CBT is a talking therapy that can help you manage YOUR problems by changing the way YOU think and behave. It doesn’t address your circumstances as such, nor does it address the socioeconomic and political context that imposes constraints and increasingly untenable living conditions on people.

In fact, the briefing document for counsellors working with EAP says:

“When working with an EAP referral it is important to remember that the organisation is your client as well as the individual concerned, therefore there will be two people who will be ‘in the room’ with you. It is, after all, the employer that is indirectly funding the sessions. Developing your understanding of the organisation will help you work with both ‘clients’ since an insight into the type of business and the pressures of this work can help you build up a rapport with the client.

[…] The employer is often keen to know whether the support offered by the EAP is having a business benefit. This will be part of the implicit or explicit requirements of the employer and they may need to have evidence of any return on investment. For instance, is there evidence that the employee/client has returned to work more quickly as a result of the counselling? Has the counselling prevented the client from taking time off work for sickness?”

This presents a constraining framework of conflicted interests for counsellors with favourable “outcomes” invariably weighted towards employers and not employees. How, for example, does a counsellor support someone in a decision to leave their job and find another with better conditions, more security and pay? In this context, the mass provision of CBT may be regarded as a technocratic “fix” for poor employment and social conditions, and is rather more about policing critical thinking and dissenting behaviours in the workplace than providing support for employees. Treating each individual as if the problems lie “within” their thoughts and behaviours also serves to discourage collective bargaining to improve workplace (and social) conditions.  

Although the briefing paper doesn’t tell us if 50% of the UK workforce have actually accessed the EAP services, the perceived need for this service provision and the growth of the industry tells us a lot about employment and social conditions in the UK.

And what does the mass provision of CBT tell us about how this is being addressed?
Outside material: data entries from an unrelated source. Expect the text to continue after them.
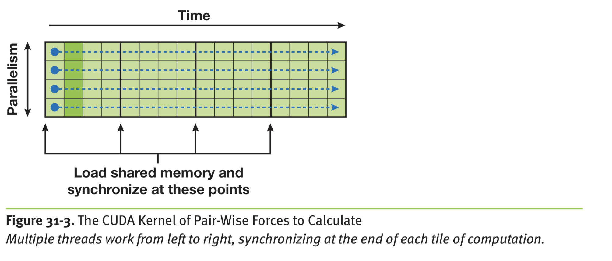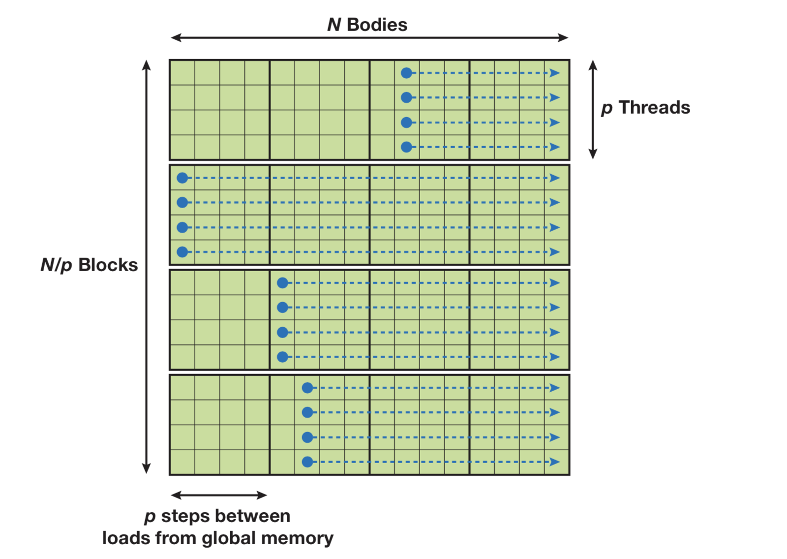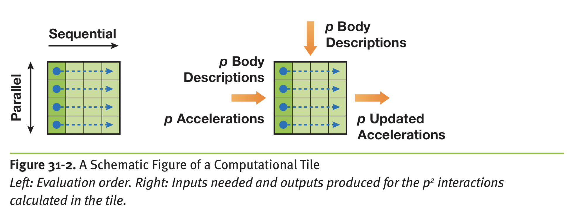 左侧表示一个 block 中的 p 个 body 执行 p 次,最后就能更新所有 body 的加速度,这里的内存占用是 O(p) 的不是 O(p^2),浅绿色表示的是串行执行的流,官方的文档没有更新,对应 CUDA 10 的例子里是这样的,vec3 存的是 x/y/z 轴的加速度,vec4 存的是坐标加质量,就是计算 i 受到 j 的加速度,这里没有并行设计是串行的。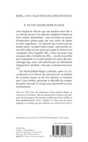 Le quotidien d'hommes et de femmes seuls ou en couple, jeunes ou moins jeunes, en ville, à la campagne, en France, à Madagascar... Dix nouvelles, un ton tour à tour humoristique, léger et grave, des chutes inattendues, par l'auteur de «La Tête en friche».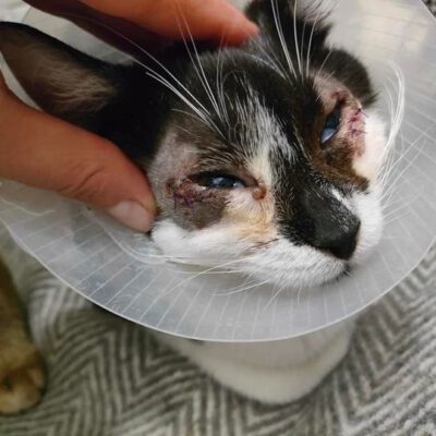 Jedna z kociaków, które zostały wyrzucone do zimnej komórki i karmione dwa razy w tygodniu, jest już po operacji oczu. Przy okazji, wykonany został zabieg sterylizacji.
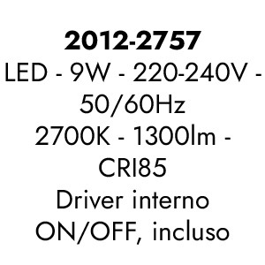 2012-2757: LED - 9W - 220-240V - 50/60Hz 2700K - 1300lm - CRI85 Driver interno ON/OFF, incluso | IP20 | Luce indiretta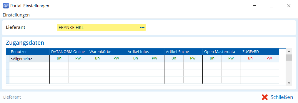 Fenster Portal-Einstellungen. Die Zugangsdaten für Open Masterdata sind korrekt. Beim Großhändler Franke HKL gelten die gleichen Zugangsdaten auch für weitere Dienste wie DATANORM Online und Warenkörbe.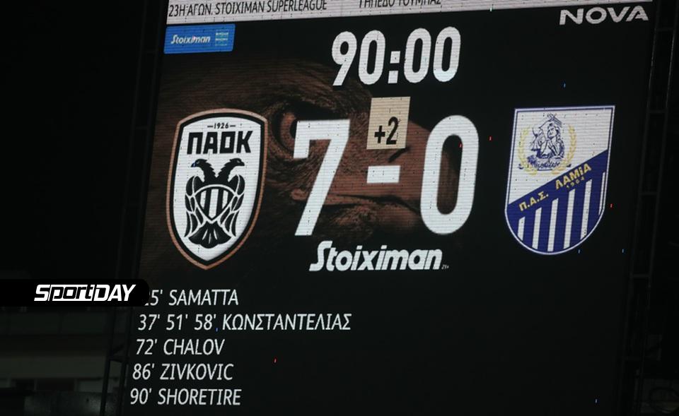 Ναι, μην το ψάχνετε, είναι ρεκόρ! Η νίκη του ΠΑΟΚ με 7-0 επί της Λαμίας, με το χατ τρικ του Γιάννη Κωνσταντέλια, είναι η ευρύτερη που έχει σημειώσει ποτέ στην 66χρονη πορεία του στην Α’ Εθνική/Super League!

CBT has become a means of re-socialising those who have become casualities of neoliberalism to accept and internalise the normative “logic” of neoliberalism. It’s a repressive state “therapy” for micromanaging dissent and critical thinking. It inhibits progressive social change, by locating all of our socioeconomic and political problems within the thoughts and behaviours of individuals.

Meanwhile private providers are making lots of profit on something that can never work in the long term. By coercing individuals to accept the terrible burdens and ravages of neoliberalism, the state and co-opted agencies are propping up a socioeconomic system that is collapsing, and in the process, it is profoundly harming people.